Washington, DC, November 5, 1997
[Also available in Full Text PDF.]
Good evening. I am gratified that a jury of my peers has found my thinking
important enough to honor it with this award. I thank the society, which has
been my professional home for 35 years, the committee, and all others involved
in the process.
This honor brings with it the task of explaining the essence of information
science in 10 minutes or less.
Before I do that, I want to acknowledge an intellectual debt by paying homage to
one of the great thinkers and visionaries of our field, Calvin Mooers. I met
Calvin for the first time at an IFIPS meeting in Munich in 1962. After his paper
on the nature of descriptors and the structure of classification, a small group
of us had an hour-long discussion energized by his intellectual spark.
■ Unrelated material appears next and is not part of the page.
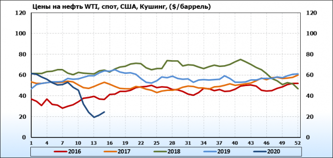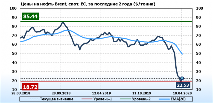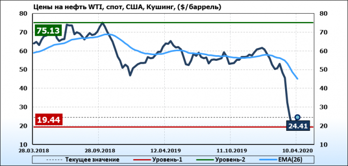 Майские фьючерсы на WTI дешевели на электронных торгах Нью-йоркской товарной биржи (NYMEX) к этому времени на $0,18 (0,91%) — до $19,69 за баррель. По итогам предыдущих торгов WTI осталась минимальном уровне с 7 февраля 2002 года.

This and
my subsequent study of his work was the starting point of a long journey that
brought me here and that has not come to an end yet. Many of the ideas in his
1959 paper The next twenty years in information retrieval could still be
published today under the same title. Calvin Mooers pioneered user-oriented
indexing 40 years before the term user-centered became fashionable.
I also thank my students who, through their questions and discussions, have
contributed much to sharpening my thinking.
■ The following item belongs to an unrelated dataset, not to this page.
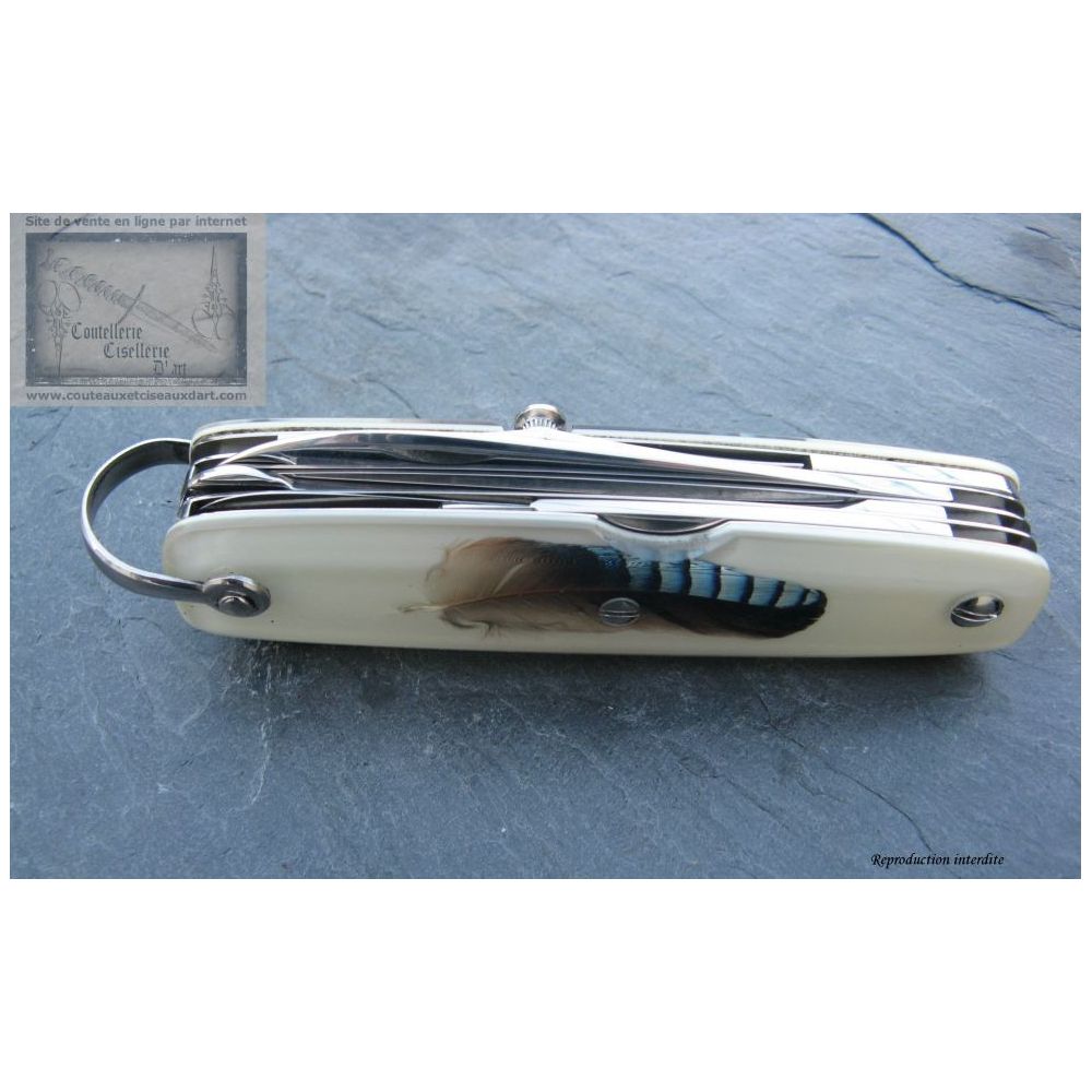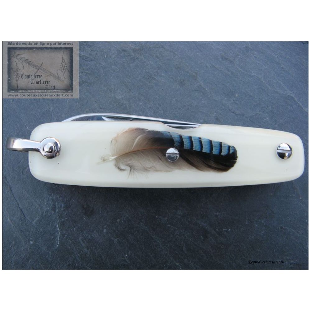 Manche de 10 cm avec incrustation PLUME DE GEAI

I will begin my remarks with my definition of information science.
Information science is concerned with both research and design. It conducts
research into the nature of information, its creation, organization, use, and
impact. It studies information needs and the interaction between people and
information. It combines conceptual structures with appropriate technology in
the design of systems for information sharing, retrieval, and access, as well as
information assimilation, processing, and learning. Information science is
concerned with conceptual foundations: with the structure of knowledge and the
structure of problems; with problem solving and decision making and their
synergy with external information; with information processing, learning, and
reasoning by people and machines; and with the role of information in social
groups and organizations. As information is pervasive in much of human activity,
information science knows no boundaries; it overlaps with many fields and draws
on their ideas, methods, and results: mathematics and statistics; computer
science, artificial intelligence, and human-computer interaction; cognitive
science with its constituents cognitive psychology, linguistics, epistemology,
and philosophy of knowledge; communication and journalism; education; economics;
anthropology, sociology, and political science; and, finally, administration and
management. As it incorporates principles and results from these disciplines,
information science analyzes them for commonalities, derives generalizations,
advances the thinking, and thus creates a new synthesis.
At the heart of information science are the twin concerns of
- understanding users in their quest for meaning and problem solutions and
- representing knowledge structures that support the construction of meaning
and the solution of problems.
User models and knowledge representation, like a binary star, revolve around
each other and depend on each other. To know what is important in knowledge
representation, we need to know user requirements and user thought patterns. To
understand users and their backgrounds, we need to represent their knowledge and
their information needs.
The tension between the two poles of information need and stored information
representations defines relevance, perhaps the central concept of the field. To
understand relevance, we must understand the user model and the representation
of knowledge and the complexities of their interrelationships.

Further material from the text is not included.